The working theory behind K-nearest neighbor40 revolves around the k parameter. This parameter is used to assign the number of nearest neighbors that are tested for similarity to the new input with the use of a distance function. For instance, for k = 2 the algorithm assigns to a new instance the label that minimizes its distance from two of its neighbors.

Adaptive Boosting41, or as it is commonly known, AdaBoost, is a classification ML algorithm designed by Yoav Freund and Robert Schapire in 1995. It is most often applied in cases of binary classification. AdaBoost uses a form of “adaptive learning” where the output of learning algorithms (“weak learners”) is combined into a weighted sum that represents the final output of the boosted classifier. Subsequent weak learners are tweaked in favor of those instances misclassified by previous classifiers. The most common use configuration of AdaBoost employs Decision Trees as weak learners. This algorithm is adaptive in the sense that subsequent weak learners are tweaked in favor of those instances misclassified by previous classifiers. In some problems, it can be less susceptible to the overfitting problem than other learning algorithms. Individual learners can be weak, but as long as the performance of each one is slightly better than random guessing, the final model can be proven to converge to a strong learner.

Random forest42 is another tree-based supervised ML algorithm. At its core, it consists of multiple decision trees, and it is used mainly for regression and classification problems. The individual decision trees function as a group, where each tree produces a label/class of prediction. The label chosen by the majority of trees is then selected as the model for prediction.

Results evaluation

The final step of the model in this work is to evaluate the best prediction models proposed by each of the ML classifiers and eventually choose the best one. To achieve this, we used 6 widely implemented metrics, accuracy, sensitivity, specificity, Jaccard score, F1-score and confusion matrix. All of the above metrics determine the performance of a model by using a combination of correlation between True Positive (TP), True Negative (TN), False Positive (FP) and False Negative (FN) instances.
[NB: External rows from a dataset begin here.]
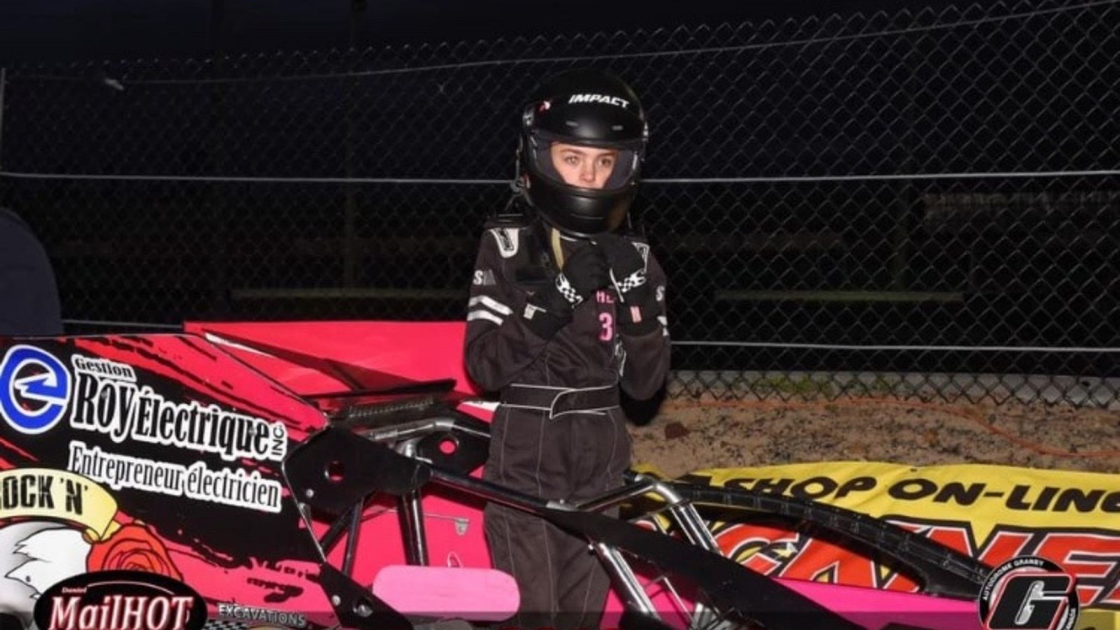 La pilote de 11 ans a roulé pour la première fois sur une piste de terre battue à la Série canadienne. Lorsqu’ils sont arrivés sur la piste, elle a fait dix tours pour s’habituer. Son père, Tommy Grondin, qui l’accompagne partout était très fier et heureux de la performance de sa fille.
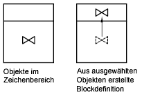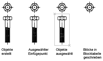 Die Abbildung zeigt eine typische Schrittfolge zum Erstellen einer Blockdefinition in einer Zeichnung.
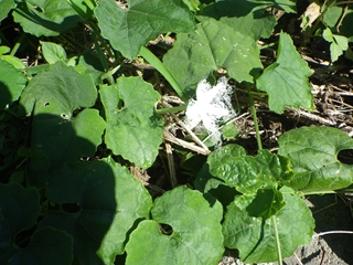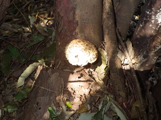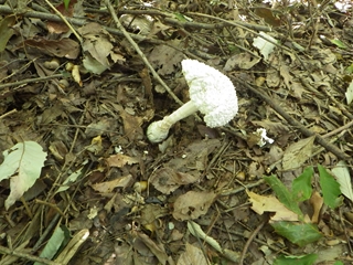 山中コースを進む内に出くわしたのはミツバアケビの鈴なり、持ち上げたり、数えたりと全員が感心する。また台風後の冷え込みからか次々と美味しそうなキノコに出くわすが残念ながらキノコに詳しい指導員は不参加、 見分けが出来れば食べる事が可能なキノコもあったかもしれませ。
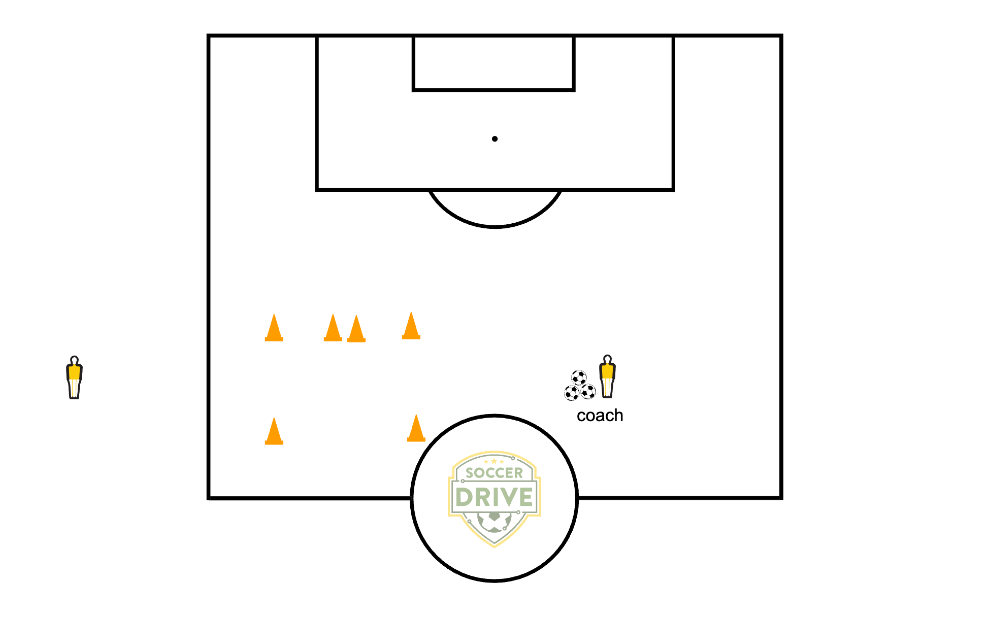 The player will check into the box and receive the ball. Then take their touch past either side of the two tall cones and finish.
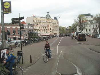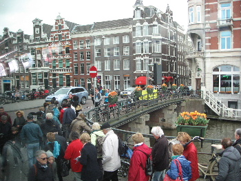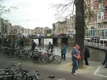 どこの歩道も、自転車で一杯。運河沿いをあるきました。団体さんは欧州人
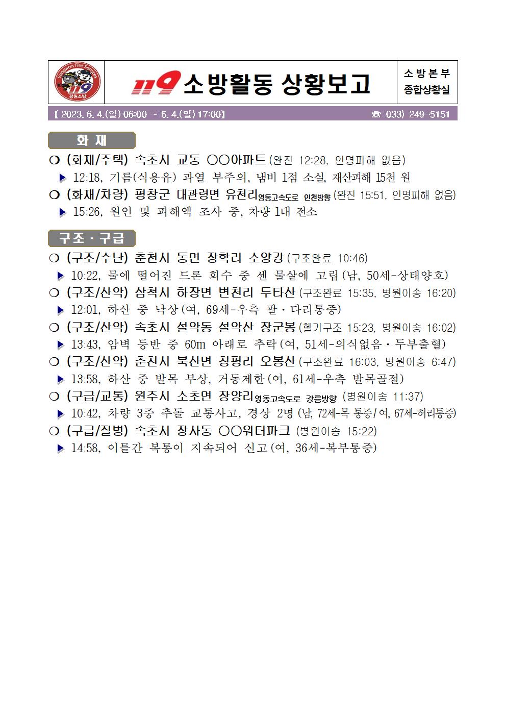 119 소방활동 일일상황보고(6. 4.일) 17:00
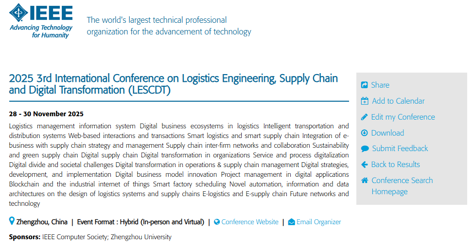 第三届物流工程、供应链与数字化转型国际学术会议(LESCDT 2025)

Accuracy may be the most frequently employed parameter for evaluating the prediction performance of an ML model. It determines the percentage of correctly predicted instances over the total number of cases. It is expressed as follows:

$$Accuracy=\frac{TP+TN}{\mathrm{TP}+\mathrm{TN}+\mathrm{FP}+\mathrm{FN}}$$
(1)

Sensitivity focuses on the percentage of CAD instances correctly predicted by the ML algorithms. This metric expresses which of all the CAD positive instances were actually correctly predicted by the model, and it is expressed using the following equation:

$$\mathrm{Sensitivity}=\frac{TP}{\mathrm{TP}+\mathrm{FN}}$$
(2)

Specificity, on the other hand, expresses the percentage of healthy instances correctly predicted by the ML algorithms. This metric is used to indicate which of all the CAD negative instances were actually correctly predicted by the model, and it is implemented as follows:

$$\mathrm{Specificity }=\frac{TN}{\mathrm{TN}+\mathrm{FP}}$$
(3)

The Jaccard Index, or Jaccard similarity coefficient, is a statistic used to showcase the similarity degree between sample sets. The measurement emphasizes similarity between finite sample sets, and is formally defined as the size of the intersection divided by the size of the union of the sample sets. In this particular case, it is expressed mathematically as:

$$\text{Jaccard index }=\frac{TP}{\mathrm{TP}+\mathrm{FP}+\mathrm{FN}}$$
(4)

F1-score, also called F-score, is employed mainly in binary classification cases and is a way of combining the precision and recall of a model. It is defined as the harmonic mean of the model’s precision (number of true positive results divided by the number of all positive results, including FP) and recall (number of true positive results divided by the number of all samples that should have been identified as positive). Its mathematic formula is:

$${\mathrm{F}}_{1} =\frac{2\times TP}{2\times \mathrm{TP}+\mathrm{FP}+\mathrm{FN}}$$
(5)

Lastly, a Confusion Matrix is a summary of prediction results on a classification problem. In binary classification problems, it is a 2 by 2 matrix, which is formed by the TP, TN, FP and FN fields. Such a confusion matrix has the following form:

  

Predicted condition

  

Positive (PP)

Negative (PN)

Actual condition

Positive (P)

True positive (TP)

False negative (FN)

Negative (N)

False positive (FP)

True negative (TN)

The prediction results of each of the ML algorithms were passed through a tenfold stratified cross validation. Then the cross validated results were used to calculate the evaluation metrics for each ML model. These are presented in Tables 3 and 4 of the “Results” section.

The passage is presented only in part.